How to complete this task
Restate every line below word for word, but drop each picture.

Data extract

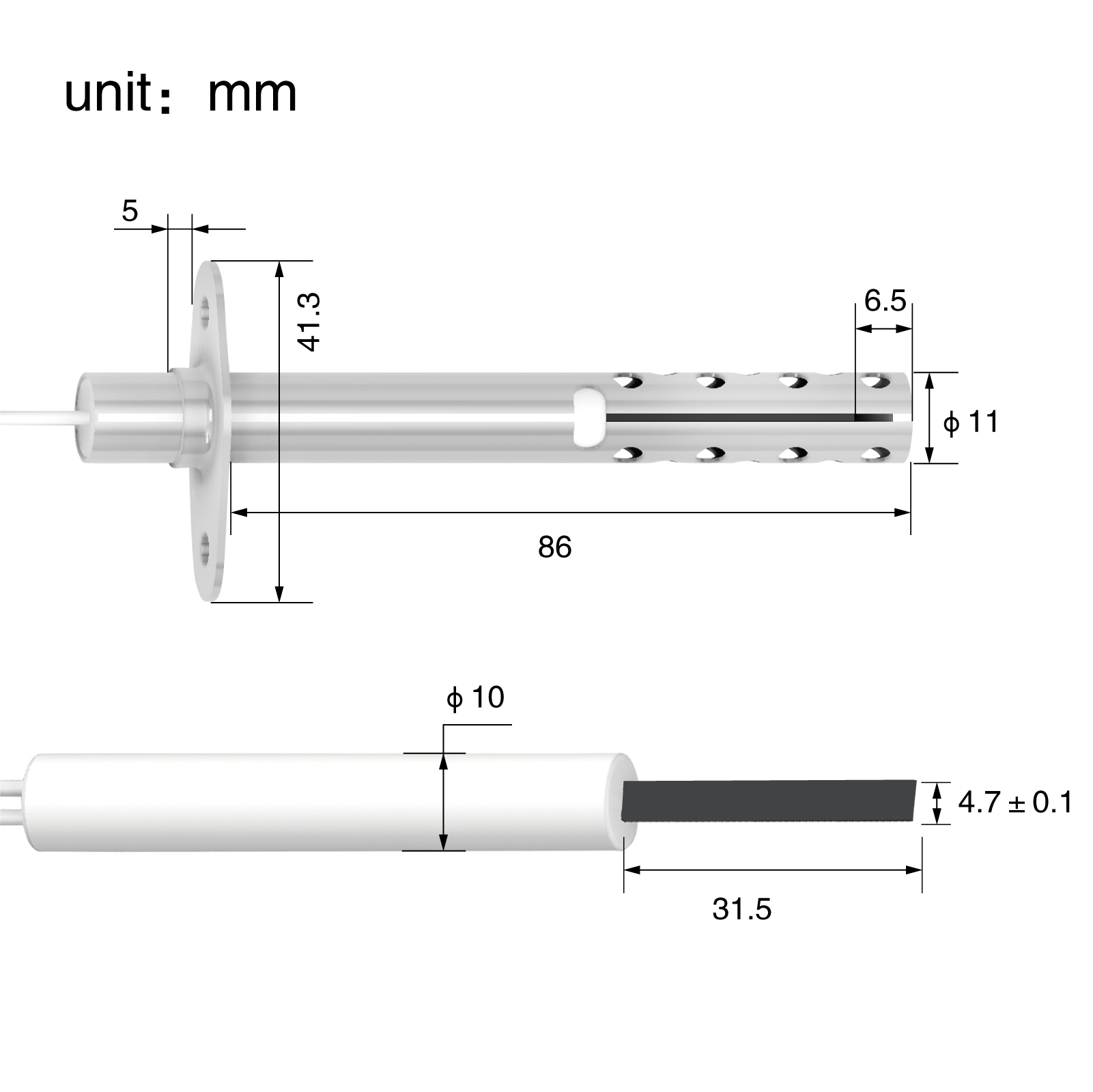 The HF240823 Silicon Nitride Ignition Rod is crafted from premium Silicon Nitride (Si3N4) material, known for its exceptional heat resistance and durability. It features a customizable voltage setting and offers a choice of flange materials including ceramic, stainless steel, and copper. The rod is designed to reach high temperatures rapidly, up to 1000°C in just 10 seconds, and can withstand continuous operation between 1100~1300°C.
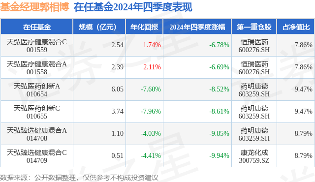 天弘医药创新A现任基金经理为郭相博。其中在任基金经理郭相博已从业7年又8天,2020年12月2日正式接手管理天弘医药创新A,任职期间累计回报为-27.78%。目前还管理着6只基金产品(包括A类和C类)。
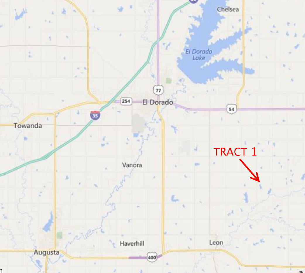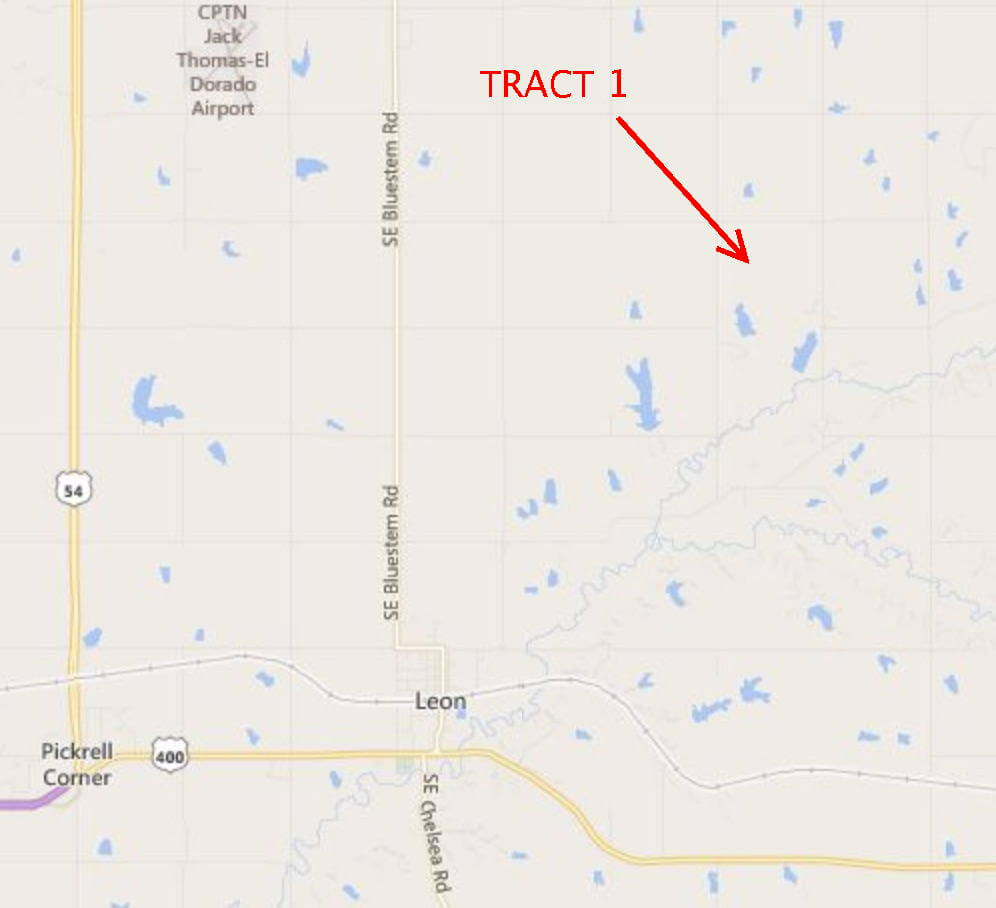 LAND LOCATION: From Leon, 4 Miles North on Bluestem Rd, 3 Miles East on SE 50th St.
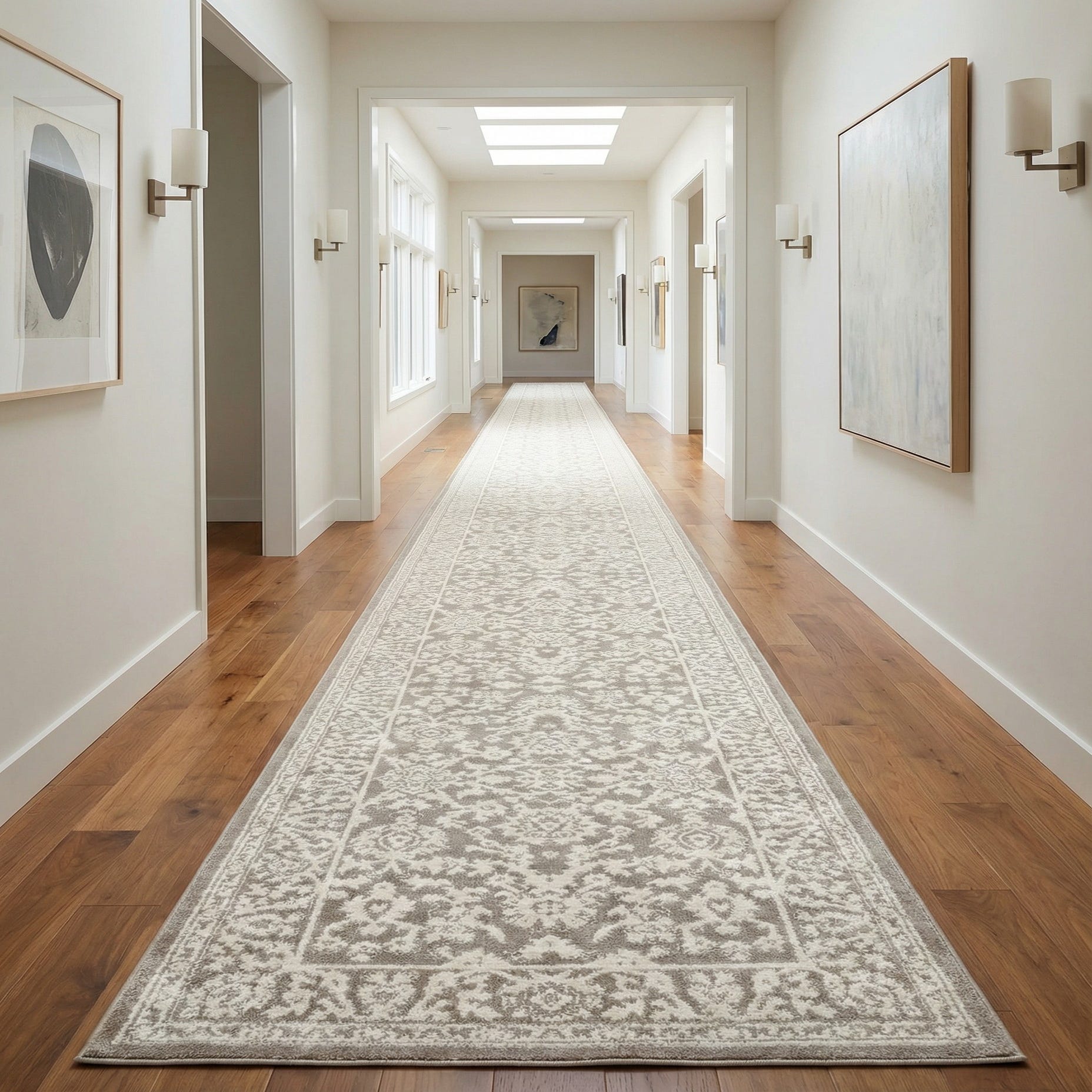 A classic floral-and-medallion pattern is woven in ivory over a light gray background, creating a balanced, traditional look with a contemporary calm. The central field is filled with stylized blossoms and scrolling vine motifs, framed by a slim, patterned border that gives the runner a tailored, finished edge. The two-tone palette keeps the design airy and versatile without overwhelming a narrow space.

Result of this exercise
 The HF240823 Silicon Nitride Ignition Rod is crafted from premium Silicon Nitride (Si3N4) material, known for its exceptional heat resistance and durability. It features a customizable voltage setting and offers a choice of flange materials including ceramic, stainless steel, and copper. The rod is designed to reach high temperatures rapidly, up to 1000°C in just 10 seconds, and can withstand continuous operation between 1100~1300°C.
 天弘医药创新A现任基金经理为郭相博。其中在任基金经理郭相博已从业7年又8天,2020年12月2日正式接手管理天弘医药创新A,任职期间累计回报为-27.78%。目前还管理着6只基金产品(包括A类和C类)。
 LAND LOCATION: From Leon, 4 Miles North on Bluestem Rd, 3 Miles East on SE 50th St.
 A classic floral-and-medallion pattern is woven in ivory over a light gray background, creating a balanced, traditional look with a contemporary calm. The central field is filled with stylized blossoms and scrolling vine motifs, framed by a slim, patterned border that gives the runner a tailored, finished edge. The two-tone palette keeps the design airy and versatile without overwhelming a narrow space.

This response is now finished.